I am hoping for some help in understanding which read normalization approach is appropriate for the biologically complex samples that I'm hoping to do DE analysis on.
I'm interested in DE of a bacterial endosymbiont of an insect; specifically, I'm trying to establish which genes are differentially expressed in the bacterium when the host insect is infected with a eukaryotic parasite. So, in one condition (4 replicates) I have host + symbiont (plus other gut bacteria, etc.) and in the other condition (also 4 replicates), I have host + symbiont + parasite.
I've taken the approach of mapping reads to a preliminary genome sequence of the symbiont, summarizing the reads with featureCounts, and doing DE with DEseq2. I've followed the basic protocol that I've seen outline in various vignettes. I've found a handful of DE genes (~10 upregulated, ~50 downregulated), but I'm concerned that I may not be normalizing my data in the most intelligent way.

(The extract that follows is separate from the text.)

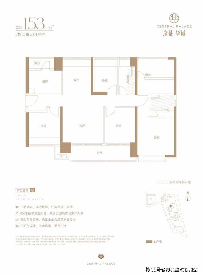 仅2栋2单元05户型才有,设计的是经典竖厅格局,LDKB一体化,动静分区,四开间朝南,U型厨房,卫生间干湿分离,得房率约73%(不含赠送),阳台西南朝向。
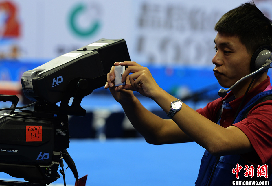 9月5日晚的大连,一位电视直播摄影师抽空用手机拍摄自己喜欢的画面。第十二届全运会体操进入男女个人全能和各单项决赛,金牌争夺战白热化。中新社发 刘关关 摄

The read depth for each replicate is fairly even, ranging from ~42-57 million 2 x 125 bp reads for each. And the number of mapping endosymbiont reads is fairly even, too, ranging from 0.6-0.9% of the reads (unfortunately low, but I have to live with this). I haven't quantified the proportion of reads that derive from the parasite, but it's not huge (maybe 10%) - most of the reads seem to come from the insect host and its gut flora.
As I understand, DEseq2 is probably normalizing to the number of mapped endosymbiont reads/fragments for the replicates in the approach I've taken (?). But the sample with the parasite in it is going to affect the normalization in complicated ways. Is there some better method that might be applicable in this case?